07 July 2013

Labour's gender woes

Which is worse? Reporters speculating about a change of party leader, or a pointless public row about gender-exclusive candidate selection? Either way, the Labour Party has been the author of its own woes (again!)
Maybe another day I'll venture into the tricky territory of the party leadership. Today, I'll navigate the minefield of gender-inequality and politics...
First, some facts about the numbers in the Labour caucus. Fourteen out of 34 Labour MPs are women. That's 41%. Not bad, as it's above average for Parliament as a whole (in which one third of MPs are women).
There's surely some merit in aiming for a 50/50 gender balance: it makes the caucus more representative of the population, and it signifies that selection processes do not discourage women from participation. But the problem is how to get there. Looking at the difference between Labour's list and electorate MP's is instructive. Among the list MPs it's 50/50 male/female (six of each). But among the electorate MPs, there are eight women (36%) and 14 men.
You don't need a degree in maths to see that the area needing attention, if an overall gender balance of numbers in caucus is the aim, is the electorates. Why should the party list have to be used as the 'ballast' for getting an equal weighting of women into the House? There's a range of competing 'diversity' and other aims that the list has to meet.
The selection of electorate candidates is a competitive process. There are likely to be internal factions and favourites, but selectors also have to think about which candidate voters will back. A smartly-dressed, articulate wasp-ish male may look like the 'safest' bet, if thinking about appeal to local voters. But, by no means all of Labour's electorate MP's fall into that category, so not all electorate selection processes can be conservatively biased in that way.
A gender bias in the way we perceive others means that both men and women judge women more harshly than men for adopting tough or authoritative opinions and behaviours. Women university lecturers, for instance, get judged more harshly by students (of both genders) for being 'tough'. Women, it seems, are expected to be 'nice'. Men get away with 'tough'.
Then there's the Gillard experience. Julia Gillard bravely said recently that, in spite of the hatred and misogyny aimed at her, she has made it easier for the next woman, and the next etc.

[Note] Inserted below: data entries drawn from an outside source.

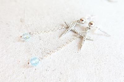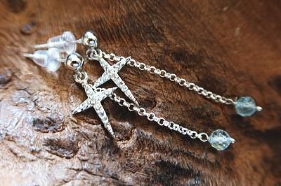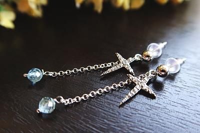 Silver925製の枠に天然のダイヤモンドがちりばめられた総ダイヤモンド仕上げのクロスチャームとブルートパーズを使用したピアスです。
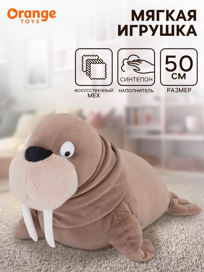 - Игрушка выполнена в виде большого моржа с мягкой и приятной текстурой.
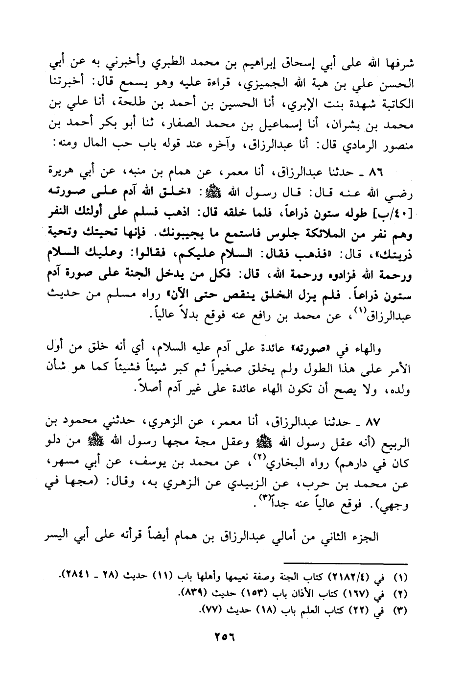 85 - حَدَّثَنَا عَبْدُ الرَّزَّاقِ، أنا مَعْمَرٌ، عَنْ هَمَّامِ بْنِ مُنَبِّهٍ، عَنْ أَبِي هُرَيْرَةَ رَضِيَ اللَّهُ عَنْهُ قَالَ: قَالَ رَسُولُ اللَّهِ صَلَّى اللَّهُ عَلَيْهِ وَسَلَّمَ: " خَلَقَ اللَّهُ آدَمَ عَلَى صُورَتِهِ طُولُهُ سِتُّونَ ذِرَاعًا، فَلَمَّا خَلَقَهُ قَالَ: اذْهَبْ فَسَلِّمْ عَلَى أُولَئِكَ النَّفَرِ وَهُمْ نَفَرٌ مِنَ الْمَلائِكَةِ جُلُوسٌ فَاسْتَمِعْ مَا يُجِيبُونَكَ فَإِنَّهَا تَحِيَّتُكَ وَتَحِيَّةُ ذُرِّيَّتِكَ "، وَقَالَ: " فَذَهَبَ فَقَالَ: السَّلامُ عَلَيْكُمْ، فَقَالُوا: وَعَلَيْكَ السَّلامُ وَرَحْمَةُ اللَّهِ فَزَادُوهُ وَرَحْمَةُ اللَّهِ، قَالَ: فَكُلُّ مَنْ يَدْخُلُ الْجَنَّةَ عَلَى صُورَةِ آدَمَ سِتُّونَ ذِرَاعًا فَلَمْ يَزَلِ الْخَلْقُ يَنْقُصُ حَتَّى الآنَ " رَوَاهُ مُسْلِمٌ مِنْ 86 -حَدِيثِ عَبْدِ الرَّزَّاقِ، عَنْ مُحَمَّدِ بْنِ رَافِعٍ عَنْهُ فَوَقَعَ بَدَلا عَالِيًا وَالْهَاءُ فِي " صُورَتِهِ " عَائِدَةٌ عَلَى آدَمَ عَلَيْهِ السَّلامُ، أَيْ أَنَّهُ خُلِقَ مِنْ أَوَّلِ الأَمْرِ عَلَى هَذَا الطُّولِ وَلَمْ يُخْلَقْ صَغِيرًا ثُمَّ كَبُرَ شَيْئًا فَشَيْئًا كَمَا هُوَ شَأْنُ وَلَدِهِ، وَلا يَصِحُّ أَنْ تَكُونَ الْهَاءُ عَائِدَةً عَلَى غَيْرِ آدَمَ أَصْلا

Well, yes, but her experience is also highly off-putting for the potential 'next woman leader'. In business and in politics, women leaders are publicly scrutinised in quite different ways from men. Her looks, her figure, her sexuality, and even the sexuality of her partner, become matters of intense speculation for male and female reporters and readers, in a way that would not apply to a white man in a dark suit. This double-standard is unfortunately coupled with an alarming animosity that spews forth from the loony minority of embittered cave-men who simply hate any powerful woman. These men are so insecure that any form of feminine power makes them fear castration. Freud would understand; but Shane Jones's recent reference to geldings illustrates the point well enough for now.
Further, it has become fashionable to dismiss any kind of affirmative action these days. Many women (let alone men) disavow or reject anything that might look or sound 'feminist'. Indeed, one gets a lot of mileage in the media if one ridicules any such ideas. After all, women can cut it in the real world of competitive business and politics, and it is argued that they don't need protective or special measures any longer. Such opinions are upheld even in spite of the evidence of real-world inequality of outcomes across gender.
Back to Labour, then: A provision allowing local electorate committees to ban male candidates from selection processes is too blunt a means to achieve the stated goal; and it could have negative consequences if the selection process gets a bad press and voters lose confidence. Surely there are other means to develop and encourage women candidates and leaders, without inviting ridicule.